London Irish RFC is a professional English rugby union club, with an Irish Identity. It was originally based in Sunbury, Surrey, where the senior squad train, youth teams and senior academy play home games, and the club maintain their administrative offices, at Hazelwood Drive. It has competed in the Premiership, the top division of English rugby union, every season since its inception in 1996–97, apart from the 2016–17 and 2018–19 seasons, in which the club competed in the RFU Championship, winning the league both times. The club also competed in the Anglo-Welsh Cup, until the tournament's demise in 2018, and has participated in both the European Champions Cup and European Challenge Cup. While playing in the Championship, in 2016–17 and 2018–19, Irish also played in the British and Irish Cup and its successor the RFU Championship Cup respectively. The club currently plays its home games at the Madejski Stadium in Reading, Berkshire. However, at the end of the 2019–20 season they will move to Brentford Community Stadium in Brentford, West London.

London Irish won its first major trophy in 2002, claiming the Powergen Cup (the competition that is now the Premiership Rugby Cup). Irish also reached the final of the 2009 English Premiership, narrowly losing 10–9 to Leicester Tigers at Twickenham Stadium.[1] In the 2007–08 season the team came close to a place in the Heineken Cup Final, losing out to Stade Toulousain 15–21 in a tense semi-final encounter at Twickenham Stadium.[2] The club's mascot is an Irish Wolfhound character called Digger.

History

The squad that played Racing Métro 92 at Parc des Princes in 1899.
London Irish playing at the Madejski Stadium with 22,648 people in attendance.
A match v Ulster in 2006.
London Irish's line out against Leicester Tigers.
London Irish drummers and fans at the Madejski Stadium.
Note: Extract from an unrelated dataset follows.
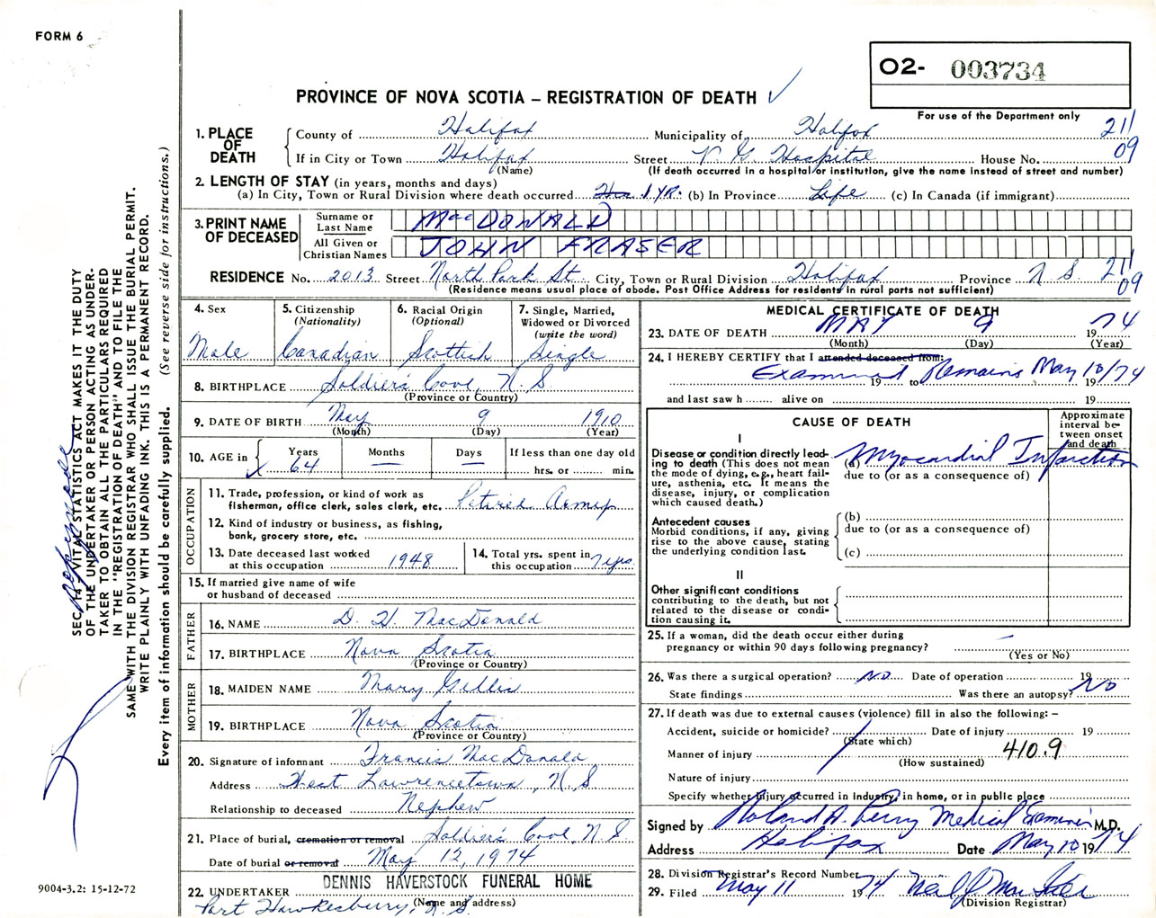 Male Death Registration: Year: 1974 number: 3734

London Irish was the last club to be formed in England by working and student exiles from the home countries, following London Scottish in 1878 and London Welsh in 1885. The first game took place on 1 October 1898 against the former Hammersmith club at Herne Hill Athletic Ground, with London Irish winning 8–3. The team that season benefited from the early recruitment of vet and Irish international Louis Magee.[3]

Academy

London Irish manages its own academy, with players such as Nick Kennedy, Topsy Ojo, Delon Armitage and Jonathan Joseph having gone on to play for the senior side and be internationally capped. Ojo retired at the end of the 2018–19 season having made 301 appearances for the club

Stadium

London Irish play at the Madejski Stadium, in Reading. Madejski is the home of Reading FC and was opened in August 1998. The ground is a 24,161 all-seater capacity stadium, and was the largest used as a regular home ground in the Premiership before Wasps moved to the Ricoh Arena in 2014.
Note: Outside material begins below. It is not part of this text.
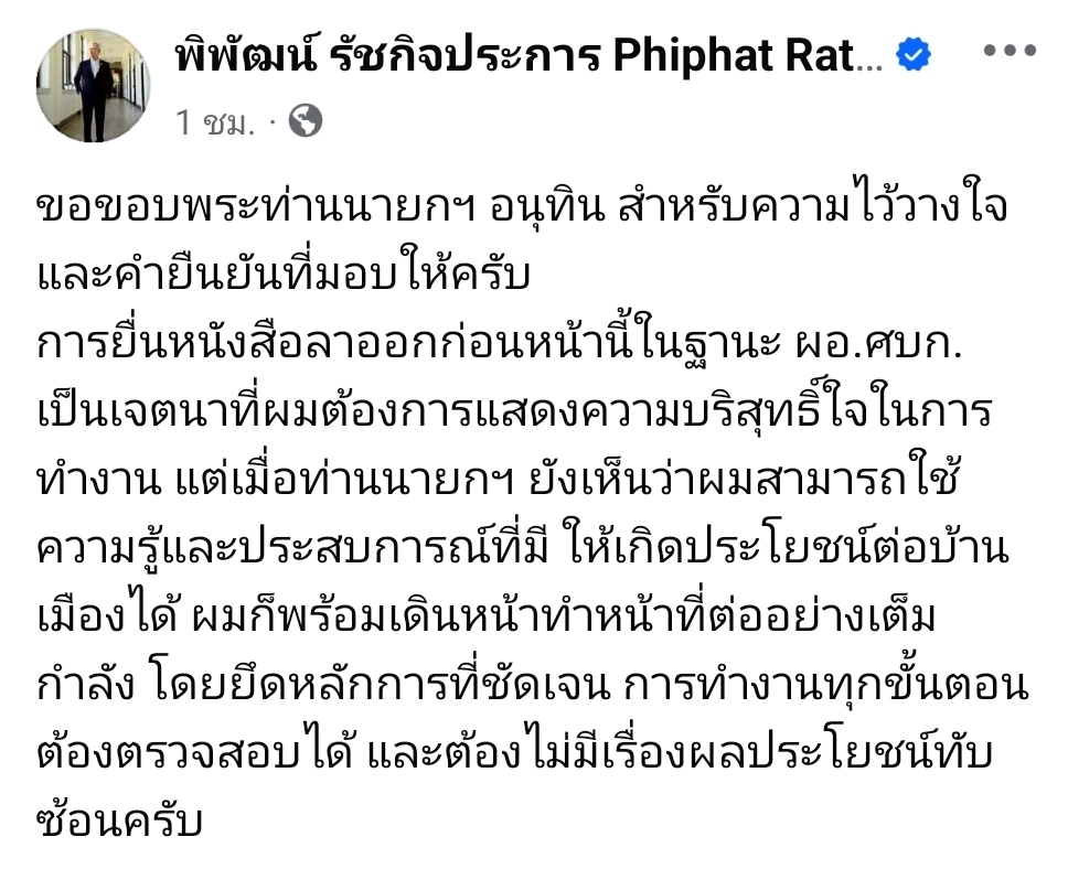 การยื่นหนังสือลาออกก่อนหน้านี้ในฐานะ ผอ.ศบก.เป็นเจตนาที่ผมต้องการแสดงความบริสุทธิ์ใจในการทำงาน แต่เมื่อท่านนายกฯ ยังเห็นว่าผมสามารถใช้ความรู้และประสบการณ์ที่มี ให้เกิดประโยชน์ต่อบ้านเมืองได้ ผมก็พร้อมเดินหน้าทำหน้าที่ต่ออย่างเต็มกำลัง โดยยึดหลักการที่ชัดเจน การทำงานทุกขั้นตอนต้องตรวจสอบได้ และต้องไม่มีเรื่องผลประโยชน์ทับซ้อนครับ”

With the exception of the annual London Double Header at Twickenham, all London Irish home matches are generally played at the Madejski. The largest crowd for a London Irish match was for a game against London Wasps on 15 March 2008 during the 2007–08 Guinness Premiership. The crowd of 23,790 was also the highest attendance for a regular season Guinness Premiership match[4] until December 2008.

On 12 March 2016 London Irish played their first home Premiership match away from Madejski (and Twickenham), and also the first-ever Premiership match outside England, when they travelled to the USA to face Saracens at the New York Red Bulls' Red Bull Arena in the New York metropolitan area.[5]
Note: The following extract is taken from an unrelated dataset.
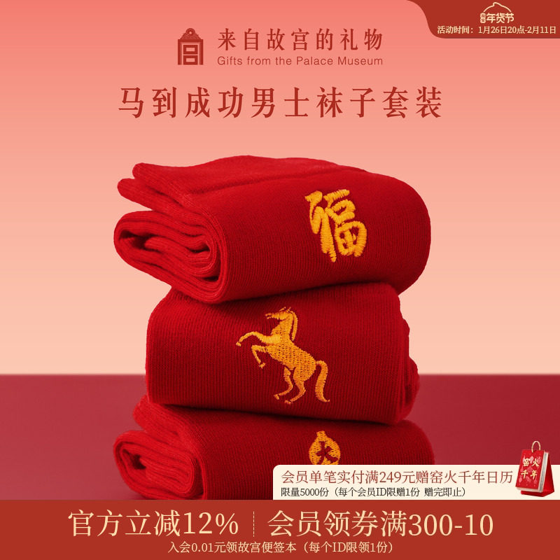 Forbidden City Taobao|Fuma Red Socks Set Horse to Success Men's Red Socks Gift Box Natal New Year New Year Gift

On 15 August 2016, the club announced its intention to return to London and that it was in formal discussions with Hounslow London Borough Council to play at Brentford FC's new stadium.[6] On 10 February 2017, the club confirmed that the Council had approved its application to use the stadium for rugby, effectively allowing them to move into the new stadium from its opening season.[7] This was later confirmed.[8]

London Irish Amateur

London Irish Amateur logo.

The club also hosts London Irish Amateur RFC (a separate legal entity) for non-professionals to allow them to improve in Rugby. The team plays at the location of London Irish's training ground and offices, Hazelwood in Sunbury. Some players such as Justin Bishop and Kieran Campbell have gone through the ranks to play for London Irish professional team.[9]

Digger

Digger

Digger is an Irish Wolfhound and official mascot of London Irish. He has an important job in providing support to the Club.

On 30 May 2003 Digger won the "Best Mascot" award in Premiership Rugby at the Premier Rugby Marketing Awards.[10]

On 23 April 2006, Digger ran the London Marathon raising money for Spinal Research. He finished the marathon in a time of 6 hours 39 minutes 31 seconds.[11]

Colleagues

Digger was joined by his cousin, Duggie, from the 2006–07 season. Much taller and much slower, Duggie has proved popular with younger children attending matchdays. As well as the mascot characters, there is also a real Irish Wolfhound, Mr Doyle, who also attends the home games. Before Mr Doyle, his Great Uncle, Jumbo, attended home games before Jumbo retired and eventually died.

Current kit

The kit is currently supplied by BLK. The 2018-19 kits celebrates 120 years of Exiles by continuing the traditional dark green colour and retro collar design reintroduced last year. "Exiles from 1898" is also inscribed on the inside back collar and the London Irish emblem is on the left chest. The jersey also features an orange narrow striped design across the jersey.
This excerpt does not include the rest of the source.